[Exercise data — start]

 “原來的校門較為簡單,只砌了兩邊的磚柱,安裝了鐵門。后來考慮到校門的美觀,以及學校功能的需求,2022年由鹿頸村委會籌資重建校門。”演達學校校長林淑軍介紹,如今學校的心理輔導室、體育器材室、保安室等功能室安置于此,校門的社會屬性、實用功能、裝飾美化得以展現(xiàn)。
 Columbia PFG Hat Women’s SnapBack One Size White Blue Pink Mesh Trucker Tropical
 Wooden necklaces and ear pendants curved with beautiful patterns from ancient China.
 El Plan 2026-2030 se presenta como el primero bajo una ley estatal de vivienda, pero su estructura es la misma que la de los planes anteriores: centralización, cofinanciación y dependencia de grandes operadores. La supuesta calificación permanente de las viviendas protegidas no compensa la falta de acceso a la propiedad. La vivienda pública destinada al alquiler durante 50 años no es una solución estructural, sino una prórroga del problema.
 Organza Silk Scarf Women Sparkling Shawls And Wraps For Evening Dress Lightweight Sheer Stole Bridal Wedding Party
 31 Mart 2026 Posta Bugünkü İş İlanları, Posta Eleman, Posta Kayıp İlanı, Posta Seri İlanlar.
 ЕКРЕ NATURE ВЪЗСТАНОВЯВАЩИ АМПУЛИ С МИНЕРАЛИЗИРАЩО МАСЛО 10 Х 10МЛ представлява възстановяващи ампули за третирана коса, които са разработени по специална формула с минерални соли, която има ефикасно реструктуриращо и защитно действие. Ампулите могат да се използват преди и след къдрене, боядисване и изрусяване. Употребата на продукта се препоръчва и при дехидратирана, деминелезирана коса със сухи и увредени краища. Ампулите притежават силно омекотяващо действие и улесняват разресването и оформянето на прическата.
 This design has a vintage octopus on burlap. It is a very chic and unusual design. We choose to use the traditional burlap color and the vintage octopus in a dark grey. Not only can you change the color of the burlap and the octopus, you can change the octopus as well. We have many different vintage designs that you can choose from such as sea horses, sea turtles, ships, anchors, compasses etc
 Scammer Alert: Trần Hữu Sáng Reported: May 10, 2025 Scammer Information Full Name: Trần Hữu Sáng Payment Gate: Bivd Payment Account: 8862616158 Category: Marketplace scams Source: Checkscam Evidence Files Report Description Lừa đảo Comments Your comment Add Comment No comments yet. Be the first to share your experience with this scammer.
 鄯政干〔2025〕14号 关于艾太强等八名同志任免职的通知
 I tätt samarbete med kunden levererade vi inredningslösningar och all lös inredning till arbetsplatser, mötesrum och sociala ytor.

[Exercise data — finish]

Action item >>
If a line of the records above holds the word "Women", show it.

Worked solution >>
 Columbia PFG Hat Women’s SnapBack One Size White Blue Pink Mesh Trucker Tropical
 Organza Silk Scarf Women Sparkling Shawls And Wraps For Evening Dress Lightweight Sheer Stole Bridal Wedding Party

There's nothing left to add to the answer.